Session RPE

Training load as measured by the session RPE is a subjective method of quantifying the load placed on an athlete. It is calculated by multiplying the session intensity by the duration to provide a measure of load in arbitrary units. The intensity is described as a number (0-10) on the CR-10 Rating of Perceived Exertion (RPE) scale proposed by Borg, Hassmen & Lagerstrom (1987). The significant relationships between RPE and other measures of intensity like HR (r=0.89) and plasma lactate concentration (r=0.86) have been demonstrated (Gabbett and Domrow, 2007). However just because it is a valid measure of “intensity” doesn’t imply that it will be a valid measure of “load”! Foster, Daines, Hector, Snyder, & Welsh (1996) showed that increasing the TL (measured by Session RPE) tenfold over 12 weeks resulted in a 10% improvement in performance with runners and cyclists. However the study also showed poor dose-response relationships between session RPE and changes in performance (r=0.29). Gabbett and Domrow (2007) also reported no association between session RPE and changes in skinfold thickness, speed or maximal aerobic power during any of the training phases they monitored. In many sports the usefulness of session RPE emerges from its ease of use compared to the technical nature of using HR monitors. Issues include loss of data and player compliance. The study of Impellizerri et al (2004) compares session RPE to the methods of Banister (1991), Edwards (1993) and Lucia et al (2003) and the relationships imply the validity of session RPE with disregard to the limitations of the methods it is using as criterion measures of training load. However these authors themselves conclude that with only 50% of the variation RPE being explained by heart rate it cannot be deemed a valid substitute. A similar study was conducted by Alexiou and Coutts (2008) where session RPE was correlated in different types of training sessions for women soccer players. Both studies reported significant relationships with HR-based methods. Such approaches where new methods are compared to older methods to validate their use are becoming quite common. But relationships presented in such studies could imply that the method is just as poor not only just as good!

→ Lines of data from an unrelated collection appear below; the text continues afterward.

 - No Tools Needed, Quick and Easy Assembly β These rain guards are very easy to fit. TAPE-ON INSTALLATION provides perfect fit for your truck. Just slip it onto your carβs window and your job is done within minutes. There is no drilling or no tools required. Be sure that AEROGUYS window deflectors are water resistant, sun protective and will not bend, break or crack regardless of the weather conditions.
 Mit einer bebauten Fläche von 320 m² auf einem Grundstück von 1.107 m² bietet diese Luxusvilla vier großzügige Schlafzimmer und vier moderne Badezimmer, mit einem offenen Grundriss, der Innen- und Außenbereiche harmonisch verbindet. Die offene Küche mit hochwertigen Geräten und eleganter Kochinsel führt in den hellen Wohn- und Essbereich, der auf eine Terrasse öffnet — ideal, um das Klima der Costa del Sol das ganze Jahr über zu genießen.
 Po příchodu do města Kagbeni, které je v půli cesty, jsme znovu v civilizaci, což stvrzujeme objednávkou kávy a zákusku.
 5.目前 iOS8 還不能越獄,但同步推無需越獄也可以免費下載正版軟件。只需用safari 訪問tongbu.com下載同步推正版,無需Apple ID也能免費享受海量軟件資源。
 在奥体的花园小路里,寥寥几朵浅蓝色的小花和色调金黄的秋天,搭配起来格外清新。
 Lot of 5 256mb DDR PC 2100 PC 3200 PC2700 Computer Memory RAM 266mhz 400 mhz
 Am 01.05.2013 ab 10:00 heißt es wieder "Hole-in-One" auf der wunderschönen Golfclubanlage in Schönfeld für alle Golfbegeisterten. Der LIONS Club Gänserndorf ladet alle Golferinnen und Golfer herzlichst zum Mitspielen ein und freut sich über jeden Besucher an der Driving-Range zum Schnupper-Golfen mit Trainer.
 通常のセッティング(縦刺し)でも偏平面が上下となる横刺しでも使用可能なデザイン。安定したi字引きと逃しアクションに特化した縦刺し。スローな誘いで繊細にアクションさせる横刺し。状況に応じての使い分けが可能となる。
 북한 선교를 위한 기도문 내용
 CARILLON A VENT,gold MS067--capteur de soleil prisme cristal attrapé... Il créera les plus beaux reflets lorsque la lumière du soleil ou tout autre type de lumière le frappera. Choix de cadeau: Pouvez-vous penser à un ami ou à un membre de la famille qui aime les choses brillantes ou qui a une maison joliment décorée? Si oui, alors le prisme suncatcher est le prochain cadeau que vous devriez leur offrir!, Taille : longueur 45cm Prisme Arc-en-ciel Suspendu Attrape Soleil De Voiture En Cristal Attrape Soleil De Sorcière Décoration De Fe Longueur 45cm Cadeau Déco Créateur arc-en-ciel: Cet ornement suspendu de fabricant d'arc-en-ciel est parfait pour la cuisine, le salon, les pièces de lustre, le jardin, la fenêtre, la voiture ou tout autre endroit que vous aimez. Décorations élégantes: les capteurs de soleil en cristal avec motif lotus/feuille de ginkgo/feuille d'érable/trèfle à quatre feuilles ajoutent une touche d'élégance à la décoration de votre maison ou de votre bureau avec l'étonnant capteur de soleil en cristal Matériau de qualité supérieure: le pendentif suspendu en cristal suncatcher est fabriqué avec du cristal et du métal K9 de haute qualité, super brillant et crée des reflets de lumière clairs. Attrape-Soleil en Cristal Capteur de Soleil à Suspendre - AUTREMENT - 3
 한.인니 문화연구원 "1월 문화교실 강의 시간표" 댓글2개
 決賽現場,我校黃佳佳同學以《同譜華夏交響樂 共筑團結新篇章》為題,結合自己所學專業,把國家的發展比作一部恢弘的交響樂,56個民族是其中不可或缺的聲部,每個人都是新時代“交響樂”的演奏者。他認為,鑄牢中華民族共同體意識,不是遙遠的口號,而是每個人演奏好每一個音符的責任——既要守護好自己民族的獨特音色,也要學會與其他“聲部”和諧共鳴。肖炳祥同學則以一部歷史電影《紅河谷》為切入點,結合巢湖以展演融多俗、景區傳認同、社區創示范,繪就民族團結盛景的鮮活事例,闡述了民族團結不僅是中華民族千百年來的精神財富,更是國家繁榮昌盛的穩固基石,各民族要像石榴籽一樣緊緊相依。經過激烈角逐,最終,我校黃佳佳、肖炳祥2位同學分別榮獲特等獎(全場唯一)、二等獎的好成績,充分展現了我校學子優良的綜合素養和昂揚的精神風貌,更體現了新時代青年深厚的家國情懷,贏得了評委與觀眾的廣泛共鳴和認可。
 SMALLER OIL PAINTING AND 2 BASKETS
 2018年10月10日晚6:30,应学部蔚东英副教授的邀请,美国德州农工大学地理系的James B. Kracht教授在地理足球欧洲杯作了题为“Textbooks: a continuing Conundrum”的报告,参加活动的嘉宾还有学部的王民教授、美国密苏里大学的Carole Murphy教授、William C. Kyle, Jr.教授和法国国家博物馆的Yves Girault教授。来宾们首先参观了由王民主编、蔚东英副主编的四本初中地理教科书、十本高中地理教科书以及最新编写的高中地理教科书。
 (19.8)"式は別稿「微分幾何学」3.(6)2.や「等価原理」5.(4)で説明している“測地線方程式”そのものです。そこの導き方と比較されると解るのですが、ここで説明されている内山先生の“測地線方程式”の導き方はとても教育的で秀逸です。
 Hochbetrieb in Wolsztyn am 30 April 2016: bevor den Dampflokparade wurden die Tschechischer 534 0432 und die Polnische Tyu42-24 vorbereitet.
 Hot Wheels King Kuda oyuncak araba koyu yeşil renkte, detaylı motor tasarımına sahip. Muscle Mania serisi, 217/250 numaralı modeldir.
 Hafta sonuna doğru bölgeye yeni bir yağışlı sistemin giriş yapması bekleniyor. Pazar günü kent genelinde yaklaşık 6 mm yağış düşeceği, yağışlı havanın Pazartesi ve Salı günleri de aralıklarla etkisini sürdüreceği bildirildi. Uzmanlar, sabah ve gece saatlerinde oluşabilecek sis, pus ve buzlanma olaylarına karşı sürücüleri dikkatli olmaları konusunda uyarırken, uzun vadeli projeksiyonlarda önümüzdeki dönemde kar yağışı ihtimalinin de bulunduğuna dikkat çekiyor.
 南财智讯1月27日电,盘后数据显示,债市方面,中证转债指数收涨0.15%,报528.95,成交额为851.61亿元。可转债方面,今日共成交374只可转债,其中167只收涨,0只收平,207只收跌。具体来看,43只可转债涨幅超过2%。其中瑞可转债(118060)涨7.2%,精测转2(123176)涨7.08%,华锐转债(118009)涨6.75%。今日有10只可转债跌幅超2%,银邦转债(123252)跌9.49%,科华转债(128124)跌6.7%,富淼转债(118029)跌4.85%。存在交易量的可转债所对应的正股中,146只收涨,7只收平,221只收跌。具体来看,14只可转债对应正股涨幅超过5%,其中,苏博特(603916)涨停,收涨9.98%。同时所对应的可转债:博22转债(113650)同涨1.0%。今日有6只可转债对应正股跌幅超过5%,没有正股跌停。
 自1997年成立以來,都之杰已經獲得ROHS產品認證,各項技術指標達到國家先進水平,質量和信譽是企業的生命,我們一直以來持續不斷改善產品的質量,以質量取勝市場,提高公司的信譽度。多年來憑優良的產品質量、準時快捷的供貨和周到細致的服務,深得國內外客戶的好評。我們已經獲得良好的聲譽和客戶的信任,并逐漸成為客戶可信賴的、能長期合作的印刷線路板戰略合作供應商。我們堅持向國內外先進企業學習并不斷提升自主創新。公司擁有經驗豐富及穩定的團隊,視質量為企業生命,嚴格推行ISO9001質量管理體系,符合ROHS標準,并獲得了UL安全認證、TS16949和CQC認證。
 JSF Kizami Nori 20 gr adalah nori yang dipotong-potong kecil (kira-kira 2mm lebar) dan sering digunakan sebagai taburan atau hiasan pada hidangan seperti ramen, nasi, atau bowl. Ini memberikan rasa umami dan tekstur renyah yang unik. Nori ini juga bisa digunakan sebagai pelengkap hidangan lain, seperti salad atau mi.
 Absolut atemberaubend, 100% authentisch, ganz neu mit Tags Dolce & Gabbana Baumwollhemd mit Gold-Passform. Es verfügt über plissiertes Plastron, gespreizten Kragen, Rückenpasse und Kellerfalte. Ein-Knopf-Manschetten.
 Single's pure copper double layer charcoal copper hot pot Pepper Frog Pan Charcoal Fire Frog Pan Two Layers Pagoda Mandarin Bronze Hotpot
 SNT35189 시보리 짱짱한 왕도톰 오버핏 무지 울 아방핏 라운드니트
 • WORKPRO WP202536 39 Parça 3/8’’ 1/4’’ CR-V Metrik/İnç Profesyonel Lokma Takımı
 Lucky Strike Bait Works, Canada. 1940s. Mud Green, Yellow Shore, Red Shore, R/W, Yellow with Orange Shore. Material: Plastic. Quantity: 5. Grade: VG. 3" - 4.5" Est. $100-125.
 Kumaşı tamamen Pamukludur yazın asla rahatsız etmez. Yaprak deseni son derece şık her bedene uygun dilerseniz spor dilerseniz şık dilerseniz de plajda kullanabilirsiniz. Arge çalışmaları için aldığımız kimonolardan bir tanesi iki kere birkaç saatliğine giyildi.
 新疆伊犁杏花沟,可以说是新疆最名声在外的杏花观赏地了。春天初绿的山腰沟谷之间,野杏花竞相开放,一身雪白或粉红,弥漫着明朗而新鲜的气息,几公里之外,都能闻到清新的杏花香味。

More recently Brink et al (2010) assessed the ‘dose-response’ relationship of session RPE with performance and recovery. They used session RPE, total quality of recovery (TQR) and performance in young elite soccer players over a whole season. Daily logs were kept by players and coaches to report TL after sessions and TQR prior to the next session. To assess performance they used the interval shuttle run test (ISRT) on a monthly basis. They applied multi-level modelling techniques to examine if session RPE could predict performance and recovery outcomes. They reported that the number of training days significantly predicted the performance outcome as represented by a decrease in the HR during the ISRT. However the model did not significantly predict performance with session RPE or TQR. Although the simplicity of session RPE cannot be denied, the usefulness of the information it provides has to be questioned. The study of Brink et al (2010), Gabbett and Domrow (2007) and Foster et al (1996) show that session RPE doesn’t fit dose-response models. Furthermore those studies claiming to assess it’s validity against HR based methods fail to assess the validity of the HR based methods themselves.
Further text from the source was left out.